# What is in a name?



## svalbard (Jul 11, 2015)

Interesting article about The Black Prince.
http://www.bbc.com/news/magazine-28161434


----------



## Dan Jones (Jul 13, 2015)

Great article, really interesting


----------



## Brian G Turner (Jul 13, 2015)

So that name "Black Prince" comes from his tabard? Now that makes sense. 

I've also read that the death toll at Limorges was exaggerated - but there's always the danger of English historians trying to excuse English monarchs.


----------



## Dan Jones (Jul 13, 2015)

Brian Turner said:


> but there's always the danger of English historians trying to excuse English monarchs



That's not always the case! And of course there were plenty of propagandists around in medieval times, too. And articles like this show that sometimes the mud sticks


----------



## Ray McCarthy (Jul 13, 2015)

Henry VII
Henry VIII
Elizabeth I
All re-wrote history, often to put non-Tudors in a worse light.
The French too.
I read that article at the time it was published last year, but I'd heard too that the Black Prince was originally so named due to his "uniform" etc and about Limorges being exaggerated. Both sides tended to exaggerate (as today) and disagree about the proportion of soldiers and civilians in the dead  (as today!).


----------



## svalbard (Jul 14, 2015)

Ray McCarthy said:


> Henry VII
> Henry VIII
> Elizabeth I
> All re-wrote history, often to put non-Tudors in a worse light.
> ...



Too true. The Tudors were particularly good at it and had one of the greatest writers in history to help them in a certain William Shakespeare. Richard III, although quite possibly guilty of his nephews' murders, was not the monster he is made out to be. 

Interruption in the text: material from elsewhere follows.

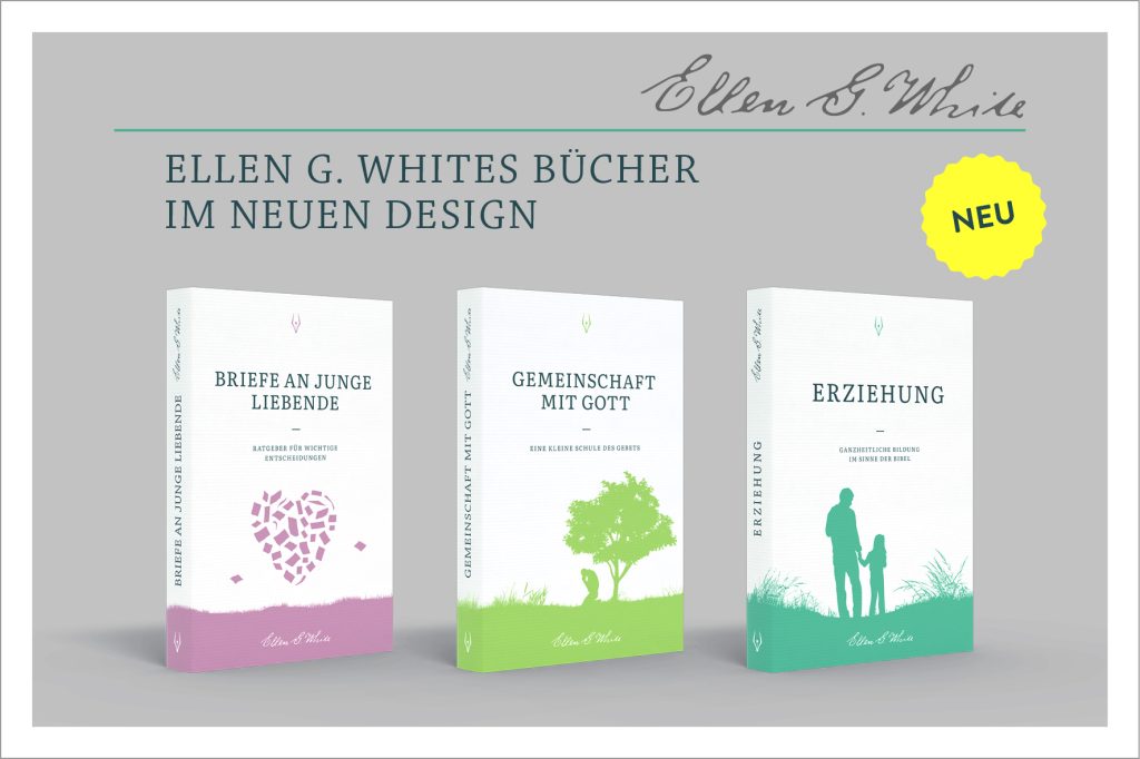 Drei Verlage – ein einheitliches Design. Die Bücher von Ellen G. White sind gemeinsam von den drei offiziellen deutschsprachigen adventistischen Verlagen im Design überarbeitet worden, um dem wertvollen Inhalt der Bücher in Deutschland, Österreich und der Schweiz ein zeitgemäßes und vor allem einheitliches Design zu geben. Die neue Ellen G. White-Linie soll aber nicht nur im Erscheinungsbild, sondern auch inhaltlich ein klares Profil haben. Übersetzungen sollen keine Auslassungen haben und möglichst nahe am Originaltext sein und bekannte Qualitätsmängel sollen ebenfalls vor Veröffentlichung behoben werden. Die ersten Bücher der neuen Linie sind bereits erhältlich: Briefe an junge Liebende (TOP LIFE Wegweiser-Verlag), Gemeinschaft mit Gott (Advent-Verlag Schweiz) und Erziehung (Advent-Verlag Lüneburg).

Macbeth is another great example of history being rewritten. In this case for the Stuarts benefit I believe. What little that is known about real Macbeth shows him to be a capable ruler. He felt secure in his own rule to make  a pilgrimage to Rome. He also reigned for 17 or so years which says something about his ability  and popularity.


----------



## Ray McCarthy (Jul 14, 2015)

svalbard said:


> Richard III, although quite possibly guilty of his nephews' murders


Henry or an accomplice had more motive and DID kill off every other possible claimant.  Apart from the alleged nephews' murders (who were no threat to Richard, but were a threat to Henry) did Richard kill any rivals?


----------



## svalbard (Jul 14, 2015)

If you want to count Earl Rivers a rival then yes he did. He had William Hastings executed without a trial, although we cannot consider Hastings a rival.

I do agree that Henry had more to gain by the deaths of Edward's sons. I also think that Buckingham is another suspect who had much to gain by their deaths.


----------